Although the union of Interpublic Group of Cos.' Ammirati Puris Lintas and Lowe & Partners Worldwide seemed conflict-free on the domestic roster, the overseas business faces some challenges. For instance, Ammirati handles household products giant Unilever while Lowe handles competitor Henkel.

DDB Worldwide already is expected to pick up Lowe's $50 million to $60 million Henkel detergent business in five European countries. Among other brands, Lowe handles Persil, Germany's best-selling detergent.


Henkel is believed to have been unaware that a merger between its agency and Ammirati was imminent. It's a familiar experience for Henkel. In December 1990, Henkel's biggest shop, Euro RSCG Worldwide, became a Procter & Gamble Co. agency and immediately dropped Henkel. DDB joined Henkel's European roster by picking up the Euro RSCG brands.

Another potential conflict is General Motors Corp., handled by Lowe's Hamburg shop, while Toyota Motor Corp.'s German business is assigned to an Ammirati subsidiary in Frankfurt called Change.

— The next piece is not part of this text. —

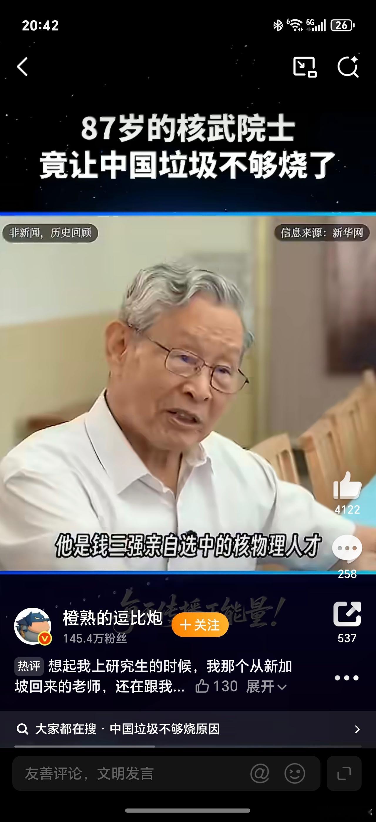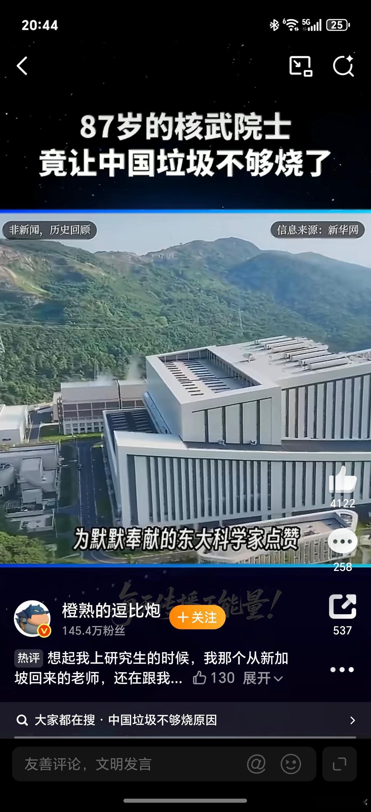 87岁的核武院士让中国垃圾不够烧科技改变生活,解决城市垃圾烦恼并做到合理利用,这确实对社会贡献巨大。

Interpublic, however, maintained it had the situation in hand.

"There are not too many conflicts," said Chairman and President-CEO Philip Geier. "In most cases, it can be worked out."

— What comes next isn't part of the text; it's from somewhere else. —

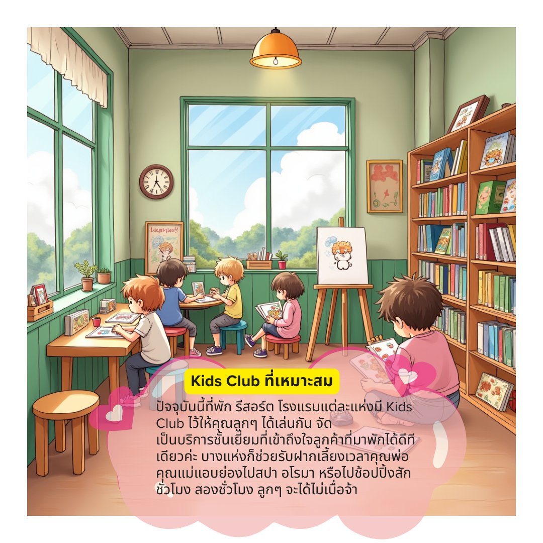 ปัจจุบันนี้ที่พัก รีสอร์ต โรงแรมแต่ละแห่งมี Kids Club ไว้ให้คุณลูกๆ ได้เล่นกัน จัดเป็นบริการชั้นเยี่ยมที่เข้าถึงใจลูกค้าที่มาพักได้ดีทีเดียวค่ะ บางแห่งก็ช่วยรับฝากเลี้ยงเวลาคุณพ่อ คุณแม่แอบย่องไปสปา อโรมา หรือไปช้อปปิ้งสักชั่วโมง สองชั่วโมง ลูกๆ จะได้ไม่เบื่อจ้า

After months of rumors, there were few surprises in the bare bones merger announcement. As expected, Lowe Group Chairman Frank Lowe will lead the management team as chairman-CEO. One unexpected twist, however, was the appointment of Michael Sennott as deputy chairman. Mr. Sennott is vice chairman of Interpublic's other prominent network, McCann-Erickson WorldGroup.

Some observers speculated that the choice of the well-respected Mr. Sennott was made to draw some of the successful McCann experience into the newly merged agency.

Martin Puris, thought to be leaving at yearend, stepped down from the agency and Interpublic board effective immediately to pursue entrepreneurial Internet interests.

"One merger is enough in a lifetime," said Mr. Puris.

Although other executive appointments have not yet been announced, more likely will be made this week. The majority of new positions already pending or made public are being filled by Lowe executives.

"This is a total, 100% complete takeover by Lowe," said one executive close to the agencies.


It is believed that the U.S. operations will continue to report to Lowe & Partners U.S. Chairman-Chief Creative Officer Lee Garfinkel, who joins the new board of Lowe Lintas. Mr. Garfinkel is expected to become Lowe Lintas U.S. chairman with Lowe's U.S. Vice Chairman Gary Goldsmith as vice chairman.

Rob Quish, now president of Lowe & Partners, New York, moved over from Ammirati less than a year ago. With his knowledge of both shops, Mr. Quish, already considered a rising star, is expected to rise in the organization.

Other executives on the new board are Jerry Judge, president of Lowe & Partners Worldwide, who becomes president of Lowe Lintas & Partners; and Adrian Holmes, chief creative officer at Lowe & Partners Worldwide, who keeps the same title at the new agency.